*** Begin section ***
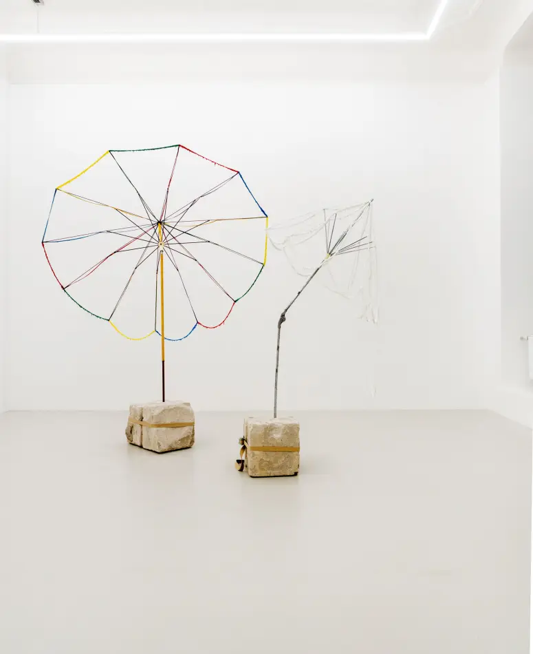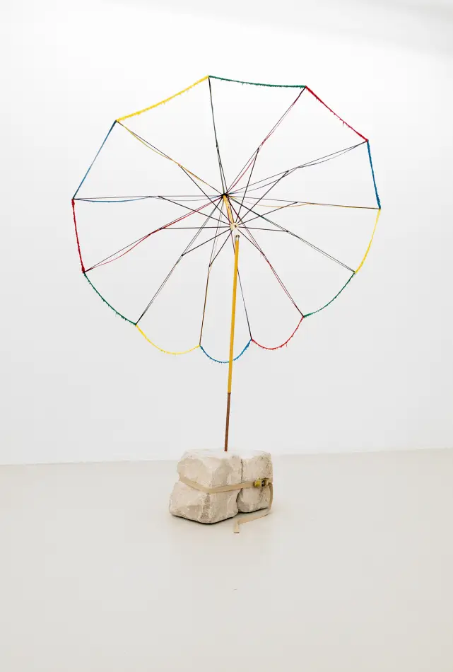 Parasol 1, 2024parasol, oil, concrete, ratchet213 x 113 x 159 cm
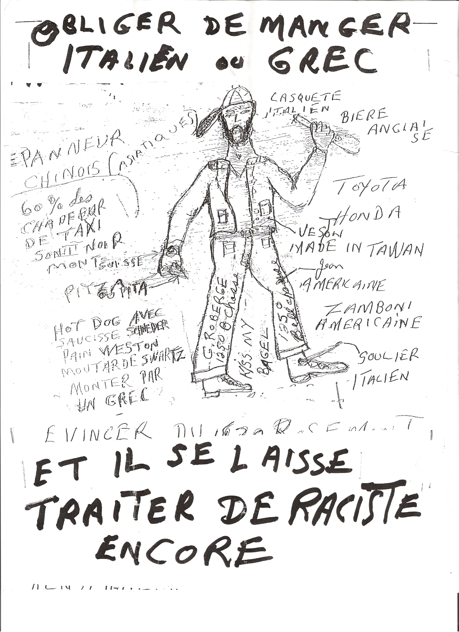 La première fois que j’ai vu l’une d’entre elles, je me suis dit que j’avais probablement affaire à un dingo qui se ferait institutpinelliser rapidement. Or, quelques semaines ont passé, et j’ai trouvé d’autres reproductions de ces pamphlets pour le moins particuliers. On les reconnait facilement: ils sont tout à fait xénophobes, ils sont très artisanaux, ils sont complètement incohérents, chaque pièce est unique et TOUS sont signés G.Roberge, 1250 Bellechasse.
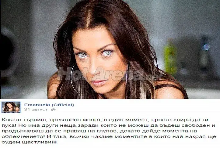 „Когато търпиш прекалено много, в един момент просто спира да ти пука! Но има други неща, заради които не можеш да бъдеш свободен и продължаваш да се правиш на глупав, докато дойде моментът на облекчението! И така, всички чакаме моментите, в които най-накрая ще бъдем щастливи!!!“, избухна Емануела в социалната мрежа.
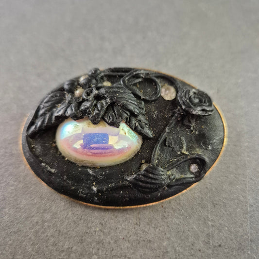 Ovale Brosche im Barock-Stil – Schwarz mit irisierendem Cabochon
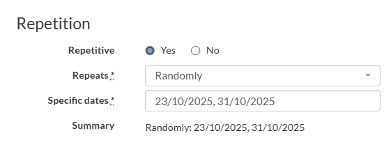 • Every: Define the frequency of repetition (e.g., every 1 week, every 5 weeks, every 1 month, every 10 months).
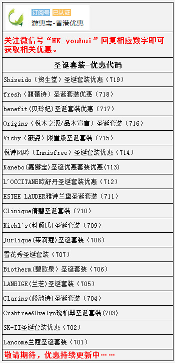 关注微信号:游惠宝、游惠宝-香港优惠、游惠宝-导购,回复代码“1”,即可获取主代码表,了解更多香港资讯。
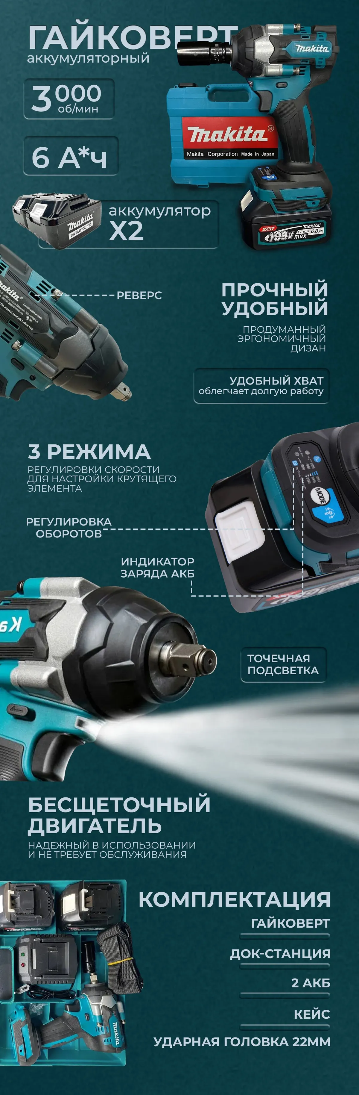 Гайковерт аккумуляторный 1200Н.м • Два усиленных АКБ с емкостью 6.0Ач •Противоударный кейс • Зарядное устройство(Док-станция) Док-станция обеспечивает быструю зарядку аккумуляторов, что позволяет быстро вернуться к работе.
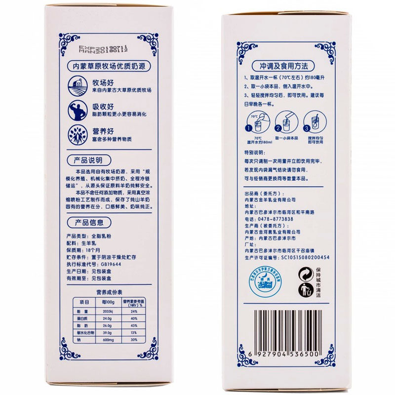 西蒙纯羊奶粉生羊乳孕妇儿童中老年360g18小袋内蒙古原产地羊奶粉
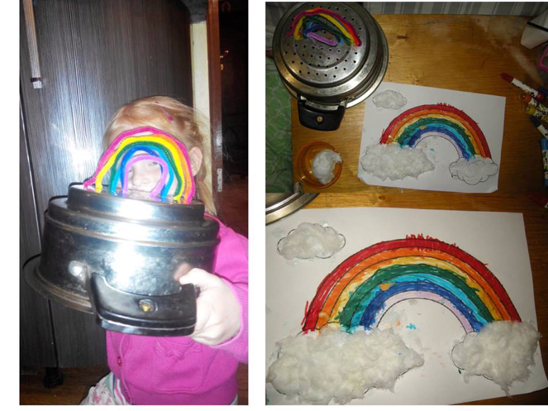 С радугой поиграли: повторили цвета. И сделали такую вот аппликацию+ разукрашка. Работа Вики
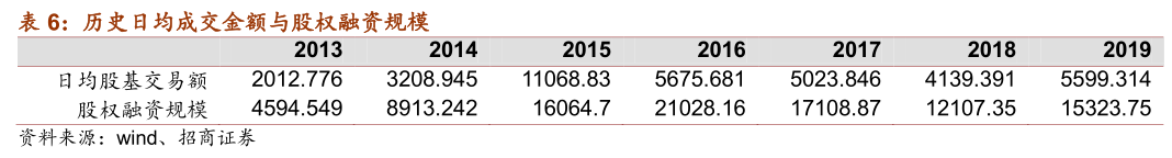 推动融资方式向直接融资转型,健康强化资本市场融资功能需要相对应的市场活跃度。一方面,资本市场全年股权融资规模对应融资供给;另一方面,日均股基交易量反应市场活跃度,体现了资本市场对股权融资的需求。供需匹配的市场,才能健康长久发展。回顾2013年以来,市场日均股基交易金额和年度股权融资规模关系,大体上年度股权融资规模是上限为日均股基交易金额的2.5倍左右。展望全年,1.8万亿股权融资规模对应需要7200亿日均股基交易金额支撑。
*** End section ***
### To do
Once the pictures have been removed, reproduce each line of the material above exactly.

### Result of this task
 Parasol 1, 2024parasol, oil, concrete, ratchet213 x 113 x 159 cm
 La première fois que j’ai vu l’une d’entre elles, je me suis dit que j’avais probablement affaire à un dingo qui se ferait institutpinelliser rapidement. Or, quelques semaines ont passé, et j’ai trouvé d’autres reproductions de ces pamphlets pour le moins particuliers. On les reconnait facilement: ils sont tout à fait xénophobes, ils sont très artisanaux, ils sont complètement incohérents, chaque pièce est unique et TOUS sont signés G.Roberge, 1250 Bellechasse.
 „Когато търпиш прекалено много, в един момент просто спира да ти пука! Но има други неща, заради които не можеш да бъдеш свободен и продължаваш да се правиш на глупав, докато дойде моментът на облекчението! И така, всички чакаме моментите, в които най-накрая ще бъдем щастливи!!!“, избухна Емануела в социалната мрежа.
 Ovale Brosche im Barock-Stil – Schwarz mit irisierendem Cabochon
 • Every: Define the frequency of repetition (e.g., every 1 week, every 5 weeks, every 1 month, every 10 months).
 关注微信号:游惠宝、游惠宝-香港优惠、游惠宝-导购,回复代码“1”,即可获取主代码表,了解更多香港资讯。
 Гайковерт аккумуляторный 1200Н.м • Два усиленных АКБ с емкостью 6.0Ач •Противоударный кейс • Зарядное устройство(Док-станция) Док-станция обеспечивает быструю зарядку аккумуляторов, что позволяет быстро вернуться к работе.
 西蒙纯羊奶粉生羊乳孕妇儿童中老年360g18小袋内蒙古原产地羊奶粉
 С радугой поиграли: повторили цвета. И сделали такую вот аппликацию+ разукрашка. Работа Вики
 推动融资方式向直接融资转型,健康强化资本市场融资功能需要相对应的市场活跃度。一方面,资本市场全年股权融资规模对应融资供给;另一方面,日均股基交易量反应市场活跃度,体现了资本市场对股权融资的需求。供需匹配的市场,才能健康长久发展。回顾2013年以来,市场日均股基交易金额和年度股权融资规模关系,大体上年度股权融资规模是上限为日均股基交易金额的2.5倍左右。展望全年,1.8万亿股权融资规模对应需要7200亿日均股基交易金额支撑。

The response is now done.